What to do — Please take the records that follow and repeat exactly the lines starting with the line with "키보드에 붙여서 사용 할 수 있는 러시아어 키보드 붉은금박 스키커" and going on through the line with "Сумка дорожная на".

Data for processing —
- Opening Delimiter -

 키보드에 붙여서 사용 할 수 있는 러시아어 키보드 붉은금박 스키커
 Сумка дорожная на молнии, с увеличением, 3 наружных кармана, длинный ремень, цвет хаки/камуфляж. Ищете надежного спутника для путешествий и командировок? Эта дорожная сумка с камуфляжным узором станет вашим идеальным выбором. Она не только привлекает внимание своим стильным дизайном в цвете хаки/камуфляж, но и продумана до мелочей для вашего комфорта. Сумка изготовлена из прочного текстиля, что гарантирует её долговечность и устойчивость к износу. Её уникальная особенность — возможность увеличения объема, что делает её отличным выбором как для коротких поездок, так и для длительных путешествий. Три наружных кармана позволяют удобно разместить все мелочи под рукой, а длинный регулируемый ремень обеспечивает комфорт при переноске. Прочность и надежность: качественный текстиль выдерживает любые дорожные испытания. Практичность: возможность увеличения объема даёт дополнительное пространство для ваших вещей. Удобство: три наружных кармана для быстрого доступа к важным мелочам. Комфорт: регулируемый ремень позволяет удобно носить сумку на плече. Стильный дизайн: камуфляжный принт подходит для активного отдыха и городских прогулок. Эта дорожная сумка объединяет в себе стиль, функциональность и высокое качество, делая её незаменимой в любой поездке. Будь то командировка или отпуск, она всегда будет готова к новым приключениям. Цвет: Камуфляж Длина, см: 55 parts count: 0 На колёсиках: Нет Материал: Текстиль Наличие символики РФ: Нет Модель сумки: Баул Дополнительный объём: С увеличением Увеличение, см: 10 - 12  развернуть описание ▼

- Closing Delimiter -
- Opening Delimiter -

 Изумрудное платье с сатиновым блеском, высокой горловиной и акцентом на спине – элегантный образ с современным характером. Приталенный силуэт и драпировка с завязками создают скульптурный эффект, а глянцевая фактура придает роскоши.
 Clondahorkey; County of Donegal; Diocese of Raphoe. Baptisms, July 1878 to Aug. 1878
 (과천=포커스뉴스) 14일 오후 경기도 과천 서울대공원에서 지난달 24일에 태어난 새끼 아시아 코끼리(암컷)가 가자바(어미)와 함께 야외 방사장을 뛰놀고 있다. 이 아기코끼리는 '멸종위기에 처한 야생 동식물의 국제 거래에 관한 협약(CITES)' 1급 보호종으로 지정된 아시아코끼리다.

- Closing Delimiter -

The answer —
 키보드에 붙여서 사용 할 수 있는 러시아어 키보드 붉은금박 스키커
 Сумка дорожная на молнии, с увеличением, 3 наружных кармана, длинный ремень, цвет хаки/камуфляж. Ищете надежного спутника для путешествий и командировок? Эта дорожная сумка с камуфляжным узором станет вашим идеальным выбором. Она не только привлекает внимание своим стильным дизайном в цвете хаки/камуфляж, но и продумана до мелочей для вашего комфорта. Сумка изготовлена из прочного текстиля, что гарантирует её долговечность и устойчивость к износу. Её уникальная особенность — возможность увеличения объема, что делает её отличным выбором как для коротких поездок, так и для длительных путешествий. Три наружных кармана позволяют удобно разместить все мелочи под рукой, а длинный регулируемый ремень обеспечивает комфорт при переноске. Прочность и надежность: качественный текстиль выдерживает любые дорожные испытания. Практичность: возможность увеличения объема даёт дополнительное пространство для ваших вещей. Удобство: три наружных кармана для быстрого доступа к важным мелочам. Комфорт: регулируемый ремень позволяет удобно носить сумку на плече. Стильный дизайн: камуфляжный принт подходит для активного отдыха и городских прогулок. Эта дорожная сумка объединяет в себе стиль, функциональность и высокое качество, делая её незаменимой в любой поездке. Будь то командировка или отпуск, она всегда будет готова к новым приключениям. Цвет: Камуфляж Длина, см: 55 parts count: 0 На колёсиках: Нет Материал: Текстиль Наличие символики РФ: Нет Модель сумки: Баул Дополнительный объём: С увеличением Увеличение, см: 10 - 12  развернуть описание ▼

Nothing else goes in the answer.